From the aforementioned result (Table 1), it is recommended that the compounds 5a, 5c, 5d and 5e have shown cell growth inhibition of 50% at a concentration of 10 µl/ml, which is preferred for their in vitro anticancer activity on MCF-7, Hep-G2 and K-562 cell line via SRB assay protocols. Moreover, the growth curves of the MCF-7 cell line (Figure 2 and Figure 3), Hep-G2 cell line (Figure 4 and Figure 5) and K-562 cell line (Figure 6 and Figure 7) were given below.

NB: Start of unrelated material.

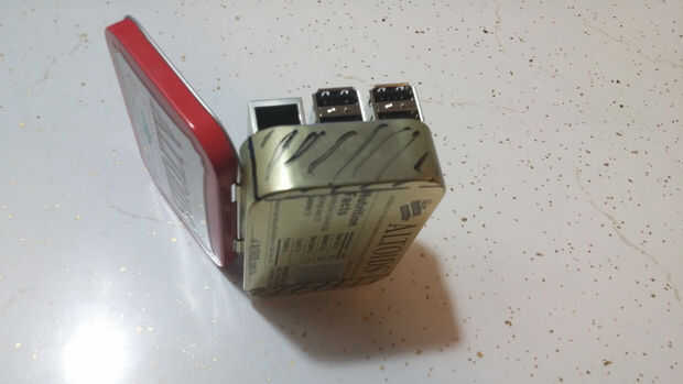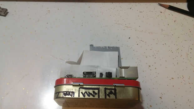 - Retire el Raspberry Pi, luego envolver la base de la caja con cinta aislante para el aislamiento.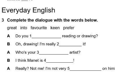 1. prefer 2.keen 3.favourite 4.great 5. into я так думаю можно ЛУЧШИЙ пж

In molecular docking studies, the entire confirmed compounds (5a-h) interacted with EGFR tyrosine kinase enzyme (1M17) and the consequence is given in Table 2. Docking study consequence reveals that the compound 5a having the highest mole dock scoring (-117.141), which is further proven for it’s significant anticancer activity, it forms H-bond and steric interaction with Thr 766, Gln 767, Thr 830, Cys 575, Ala 719, and Met 769 amino acid residues of the 1M17 enzyme. The enzyme, hydrogen bond interaction, secondary view of the complex, steric interactions and hydrophobic interactions of compound 5a with 1M17 enzyme have been shown in Figure 8, Figure 9, Figure 10, Figure 11 and Figure 12 respectively. From this study, it has noticed that the binding interaction obtained from docking results may be the reason for the better activity while comparing with other compounds.

Conclusion

In the present research work, eight numbers of new 3-(4-methoxyphenyl)-5-substituted phenyl-2-pyrazoline-1-carbothioamide (5a-h) were synthesized by cyclization of 1-(4-methoxyphenyl)-3-(substituted phenyl)-prop-2-en-1-one (3a-h) with thiosemicarbazide (4) and the synthesised, resulting compounds were confirmed by virtue of their spectral analysis data. Further, the compounds were being assayed for evaluation of anticancer activity (in vitro) against MCF-7, Hep-G2 and K-562 cell line using SRB assay, and results have been evaluated. The results revealed that compounds 5a, 5c, 5d and 5e(GI₅₀=<10µg/ml) exhibit noticeable cytotoxicity activity against cancer cell MCF-7cell lines as compared to 5-FU, ADR with (GI₅₀= 44.5 <10µg/ml). Moreover, docking analysis of all the synthesized compounds were performed with the EGFR tyrosine kinase enzyme (1M17). We found that the compound 3-(4-methoxyphenyl)-5-phenyl-2-pyrazoline-1-carbothioamide (5a) was having better interaction with Thr 766, Gln 767, Thr 830, Cys 575, Ala 719 and Met 769 amino acid residues and it can be concluded that compounds 5a, 5c, 5d and 5e could be considered as bioactive molecules for future development and research and hope to get more target-specific, less toxic and promising anticancer activity.